## EXTRACTED MATERIAL
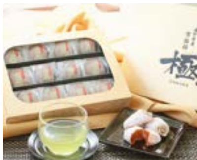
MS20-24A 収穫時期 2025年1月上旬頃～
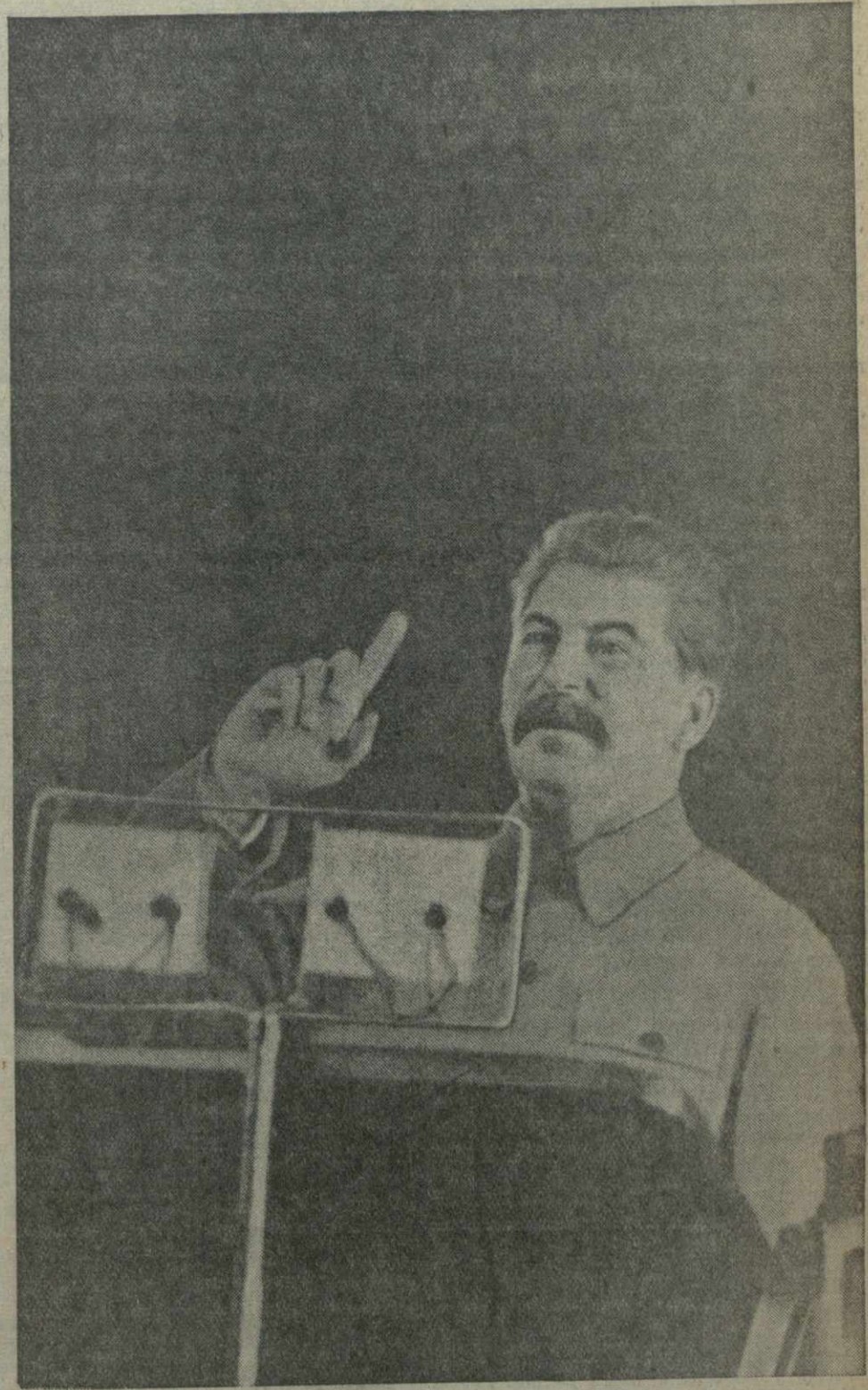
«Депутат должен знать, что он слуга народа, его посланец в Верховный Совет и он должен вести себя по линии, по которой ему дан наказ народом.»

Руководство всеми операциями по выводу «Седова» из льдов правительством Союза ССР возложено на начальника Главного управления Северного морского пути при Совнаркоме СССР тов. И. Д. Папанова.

* * *

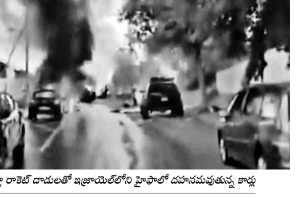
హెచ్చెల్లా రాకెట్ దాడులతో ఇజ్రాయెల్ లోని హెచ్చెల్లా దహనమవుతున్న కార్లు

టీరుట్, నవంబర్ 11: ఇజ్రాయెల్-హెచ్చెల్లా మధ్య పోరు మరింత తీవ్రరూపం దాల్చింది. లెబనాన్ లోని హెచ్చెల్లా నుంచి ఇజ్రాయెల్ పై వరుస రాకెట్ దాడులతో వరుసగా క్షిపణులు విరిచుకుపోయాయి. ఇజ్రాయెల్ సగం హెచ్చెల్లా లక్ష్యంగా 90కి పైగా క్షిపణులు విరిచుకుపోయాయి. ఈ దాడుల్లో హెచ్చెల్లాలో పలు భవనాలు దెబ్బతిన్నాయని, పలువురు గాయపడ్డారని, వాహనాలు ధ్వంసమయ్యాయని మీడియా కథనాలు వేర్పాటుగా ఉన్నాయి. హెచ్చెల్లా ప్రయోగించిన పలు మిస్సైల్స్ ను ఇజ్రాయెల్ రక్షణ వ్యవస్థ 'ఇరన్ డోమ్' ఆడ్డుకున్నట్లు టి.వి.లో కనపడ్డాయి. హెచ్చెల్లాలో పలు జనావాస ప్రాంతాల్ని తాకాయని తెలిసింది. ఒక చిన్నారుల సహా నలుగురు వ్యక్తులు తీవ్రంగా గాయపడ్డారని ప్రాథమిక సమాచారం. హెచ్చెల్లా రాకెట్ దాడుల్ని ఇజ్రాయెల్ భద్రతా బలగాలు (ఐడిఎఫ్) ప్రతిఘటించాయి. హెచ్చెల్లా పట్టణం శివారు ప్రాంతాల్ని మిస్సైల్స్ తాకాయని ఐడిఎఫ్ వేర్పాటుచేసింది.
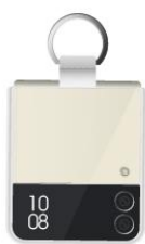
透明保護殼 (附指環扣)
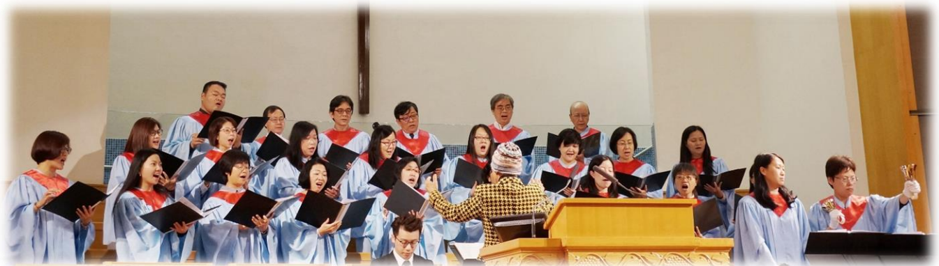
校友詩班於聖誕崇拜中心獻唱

## EXERCISE DIRECTIONS
Set down, exactly as written above, each line from the one with "హెచ్చెల్లా రాకెట్ దాడులతో" through the one with "校友詩班於聖誕崇拜中心獻唱", and skip the pictures.

## TASK RESULT
హెచ్చెల్లా రాకెట్ దాడులతో ఇజ్రాయెల్ లోని హెచ్చెల్లా దహనమవుతున్న కార్లు

టీరుట్, నవంబర్ 11: ఇజ్రాయెల్-హెచ్చెల్లా మధ్య పోరు మరింత తీవ్రరూపం దాల్చింది. లెబనాన్ లోని హెచ్చెల్లా నుంచి ఇజ్రాయెల్ పై వరుస రాకెట్ దాడులతో వరుసగా క్షిపణులు విరిచుకుపోయాయి. ఇజ్రాయెల్ సగం హెచ్చెల్లా లక్ష్యంగా 90కి పైగా క్షిపణులు విరిచుకుపోయాయి. ఈ దాడుల్లో హెచ్చెల్లాలో పలు భవనాలు దెబ్బతిన్నాయని, పలువురు గాయపడ్డారని, వాహనాలు ధ్వంసమయ్యాయని మీడియా కథనాలు వేర్పాటుగా ఉన్నాయి. హెచ్చెల్లా ప్రయోగించిన పలు మిస్సైల్స్ ను ఇజ్రాయెల్ రక్షణ వ్యవస్థ 'ఇరన్ డోమ్' ఆడ్డుకున్నట్లు టి.వి.లో కనపడ్డాయి. హెచ్చెల్లాలో పలు జనావాస ప్రాంతాల్ని తాకాయని తెలిసింది. ఒక చిన్నారుల సహా నలుగురు వ్యక్తులు తీవ్రంగా గాయపడ్డారని ప్రాథమిక సమాచారం. హెచ్చెల్లా రాకెట్ దాడుల్ని ఇజ్రాయెల్ భద్రతా బలగాలు (ఐడిఎఫ్) ప్రతిఘటించాయి. హెచ్చెల్లా పట్టణం శివారు ప్రాంతాల్ని మిస్సైల్స్ తాకాయని ఐడిఎఫ్ వేర్పాటుచేసింది.
透明保護殼 (附指環扣)
校友詩班於聖誕崇拜中心獻唱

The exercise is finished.